Sunak obviously doesn't have tons of room for manoeuvre, but at least he's a grownup. I'm sure he will raise taxes, but his conduct of the furlough scheme when he was Chancellor makes me somewhat hopeful that his cuts (which are by far the most concerning prospect) might be cleverly targeted so as to try to shield the most financially disadvantaged as far as possible. His and his family's wealth has been such an issue that I am pretty sure that will be a major concern for him.
Posted by: Girl from the North Country | October 24, 2022 at 10:55 AM
His and his family's wealth has been such an issue that I am pretty sure that will be a major concern for him.
But might it not also shield him from the worst criticism for acting on taxes if he raises taxes on the very rich. At minimum, he cannot be accused of doing so to benefit himself. (Unlike, say, Trump.)
Posted by: wj | October 24, 2022 at 11:03 AM
16 weeks ago, Sunak resigned as Chancellor because of his disgust with the way Johnson was conducting himself as Prime Minister. Two days ago, Johnson, he claims, flew back to England in the hope that he could persuade Sunak to stand aside in his favour.
If that's true, Johnson is stupider than I thought. If not, what was he really up to?
Posted by: Pro Bono | October 24, 2022 at 11:31 AM
wj: no, that is exactly what I meant - he will be keen to do things that are not overtly (or even really) to benefit the rich too much. I can't remember what if anything he has said about a possible windfall tax on the energy companies; I would have thought that would be an excellent way to raise a lot of cash, and although Truss ruled it out I think Jeremy Hunt ruled it back in.
Pro Bono: I think Johnson believed he was in a much stronger position than he was. There were plenty of people stoking that narrative, and it wasn't until the last few days that the anti-BoJo coalition really got its act together (pundits, MPs, party grandees etc). So BoJo might have thought that he could persuade Sunak to be his Chancellor again, in the interests of the nation and its economy.
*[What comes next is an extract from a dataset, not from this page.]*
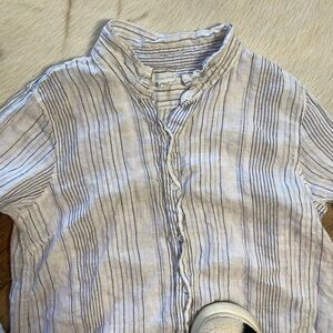 Garnet Hill Easy Linen Button-Down Shirt, featuring a striped pattern

And apparently he's been pushing the cleaner, more honest "BoJo Administration Mark 2" hard to doubting MPs - maybe he thought he could get Sunak to buy it.
Posted by: Girl from the North Country | October 24, 2022 at 11:45 AM
PS So I think it's a lie that he flew back to ask that, because I think he thought he could beat Rishi. Only in the last few days would he have realised that his position was weaker than he realised, and Sunak's stronger. So it was probably a "hail Mary pass".
Posted by: Girl from the North Country | October 24, 2022 at 11:47 AM
It's a puzzle how some people (Bojo, Putin, maybe Clickbait, although he seems to be a different type) can be savvy enough to get where they get, and yet deluded enough to think what GftNC suggests Bojo thought in her 11:47, or Putin thought when he figured Ukraine would be part of Russia within a few days of the invasion.
Posted by: JanieM | October 24, 2022 at 12:23 PM
If this isn't enough for Scotland to go, I dunno what it would take.
Posted by: Pete | October 24, 2022 at 12:48 PM
Johnson's statement was pure performance. He's trying to set up a path back into power. That's why he raises the spectre of the general election down the road. By claiming that he's the magic campaigner and that Sunak refused to do what is best for the party in the general election he's trying to prime the pump for them coming back to him if they start to struggle in the polls. And by focusing on his election successes he gets to sweep all of his scandalous behavior during the lockdown under the rug and start positioning himself as the savior again.
Exactly the sort of move I'd expect from a hollow populist fucktrumpet like Boris.